Jeff Chatlos has, thank god, brought up something interesting to talk about. Since I came back to the blogosphere, there has been a meme drought, and this is an interesting one. The matter at hand is the assessment of worth or value in art that transcends the idea of what you “liked better.” This crisis of criteria apparently occurred to Jeff partially because he liked Resident Evil: Apocalypse better than Sky Captain ATWOT (which he admitted to grumbling after seeing), although he thought the later was a better movie.

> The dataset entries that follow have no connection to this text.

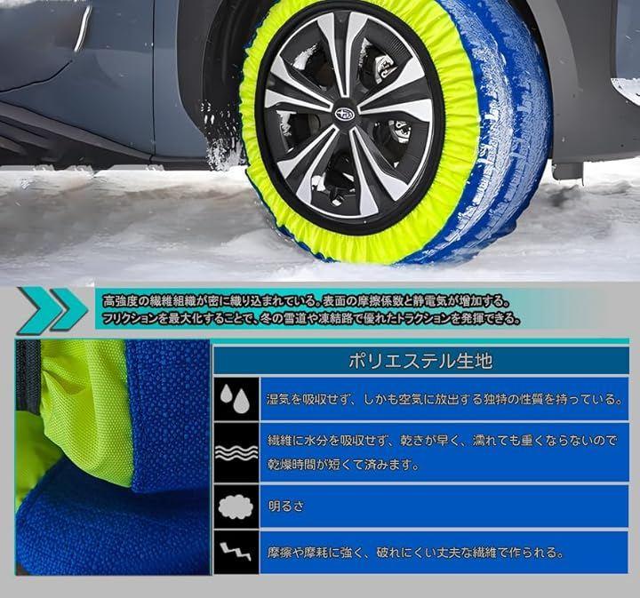 「タイヤチェーン布製」YEZOND非金属タイヤチェーンの表面は3Dファブリック技術を使用して強靭な繊維と撚(よ)り糸で織られています、特殊繊維が路面との摩擦面積を確保し、表面の毛羽立ちが雪面に張り付いていく際に生まれる抵抗性を利用したグリップ力が効果を発揮。
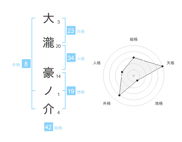 大瀧 豪ノ介さんを姓名の画数から五運を鑑定
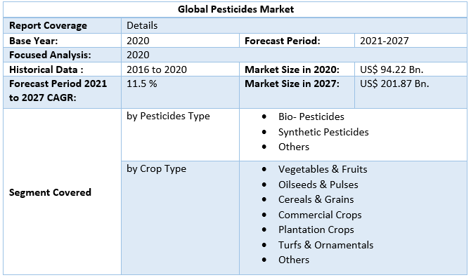 Pesticides Market size size was valued at US $ 94.22 Bn. in 2020 and the total revenue is expected to grow at 11.5 % through 2021 to 2027, the Pesticides market is reaching nearly US $ 201.87 Bn in 2027.
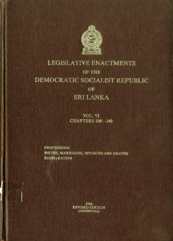 Legislative Enactments of the Democratic Socialist Republic of Sri Lanka. Professions, Births, Marriages, Divorces Deaths Registrations (chapters 109-140)
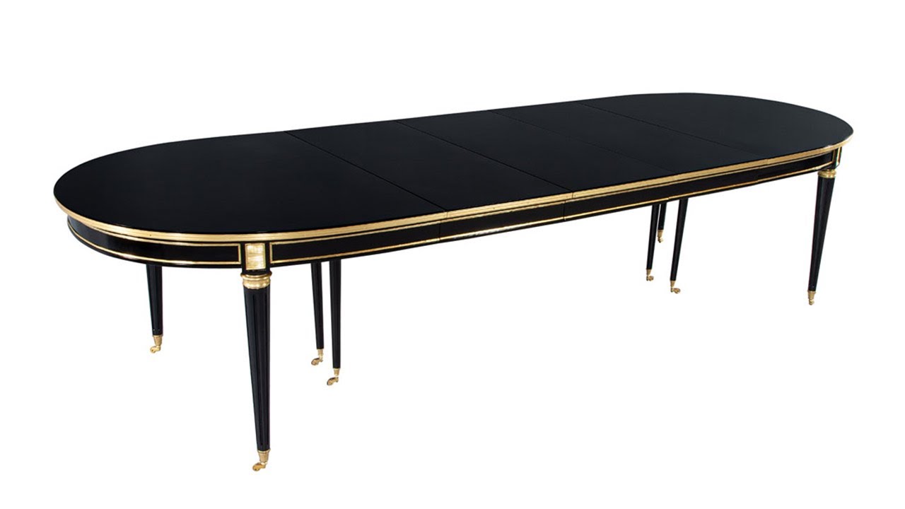 This magnificent Maison Jansen Dining Table, restored to its former glory, is sure to be the centrepiece of any dining room. The exquisite French 1940’s style is evident in its Louis XVI influence, and the high gloss polished black lacquer finish adds a touch of sophistication. Its original brass ornaments further bring out its old-world charm. This table also comes with three extension leaves, and two sets of drop down legs for added support. This exquisite piece of furniture is sure to be the conversation piece of every dinner party you host. Make your dining room the envy of all with this attractive piece of furniture, perfect for any discerning collector.
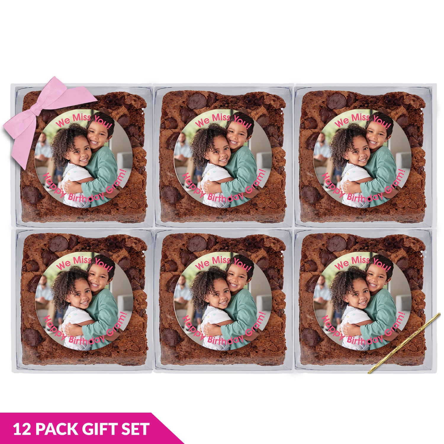 Create your own Photo & Message - Chocolate Chip Fudge Brownies W/Full Color Personalized Sticker Gift Set
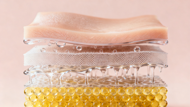 现代皮肤学研究揭示,皮肤的年轻态依赖于两大核心:内部的“骨架”支撑和外部的“水库”锁水。“骨架”就是真皮层中占75%的胶原蛋白,它像一张紧实的弹簧床垫,负责撑起皮肤的紧致与弹性。而“水库”则是以玻尿酸为代表的保湿成分,它们负责锁住水分,让皮肤看起来饱满透亮。单方面补充其中一个,就像只维修床垫的弹簧却不补充海绵,床面依然会凹凸不平;或者只往海绵里加水,底下的弹簧却已老化断裂,支撑力无从谈起。
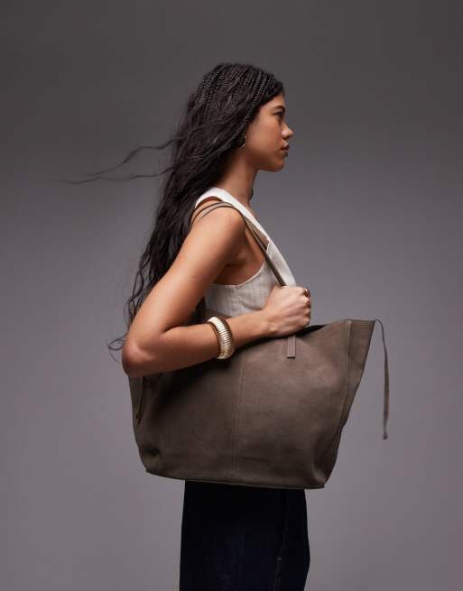 Mango - Borsa shopping da spalla in camoscio marrone chiaro
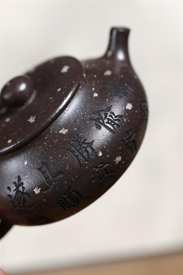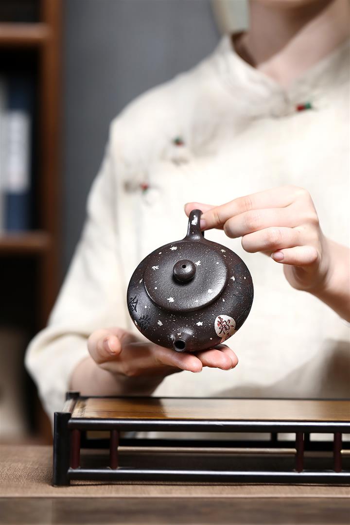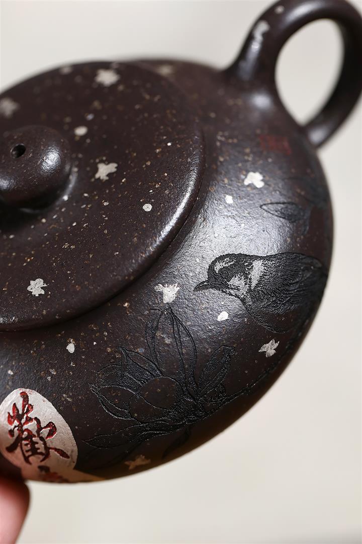 150cc原礦描銀鋪砂雪花紫泥扁柿茶壺POT9042
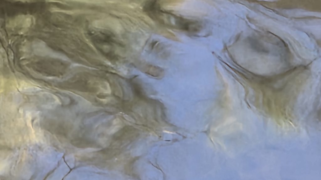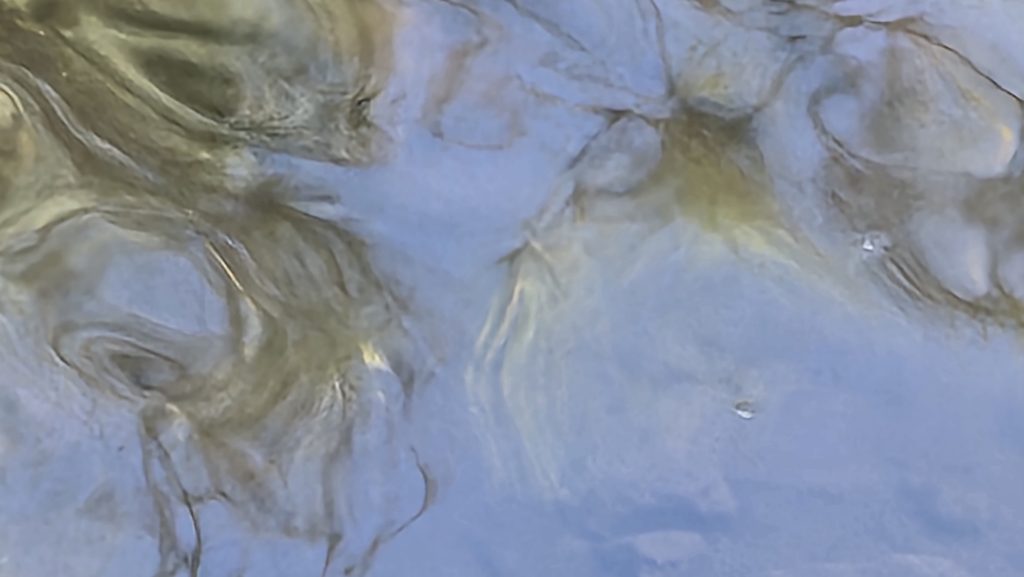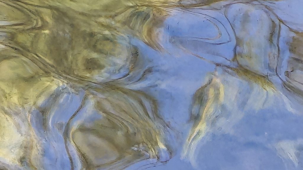 Some interesting shots. Firstly the camera has caught the muddy water’s edge, where reflected blue sky settles in visual pools or both colours are twisted and swirled when lapping at the boundary. Also the blue jerking with muddy tan in close up, after wider framing for context.

Many good comments are to be had, most notably by (no surprise) David Fiore who, among many other brilliant posts, zings this paragraph:

"[T]his is precisely the problem with aesthetic hierarchies--it's all very well to claim that complex structure and susceptibility to multiple interpretations makes a work objectively 'more artful', but what happens when other readers begin finding all kinds of complexities and polysemies in a supposedly flat, 'for entertainment purposes only' text? This happens all of the time! And the humbling fact is that just about any work of art can be a steak, if the reader approaches it with a steak-sized appetite (can we change the metaphor to a gourmet oatmeal?)."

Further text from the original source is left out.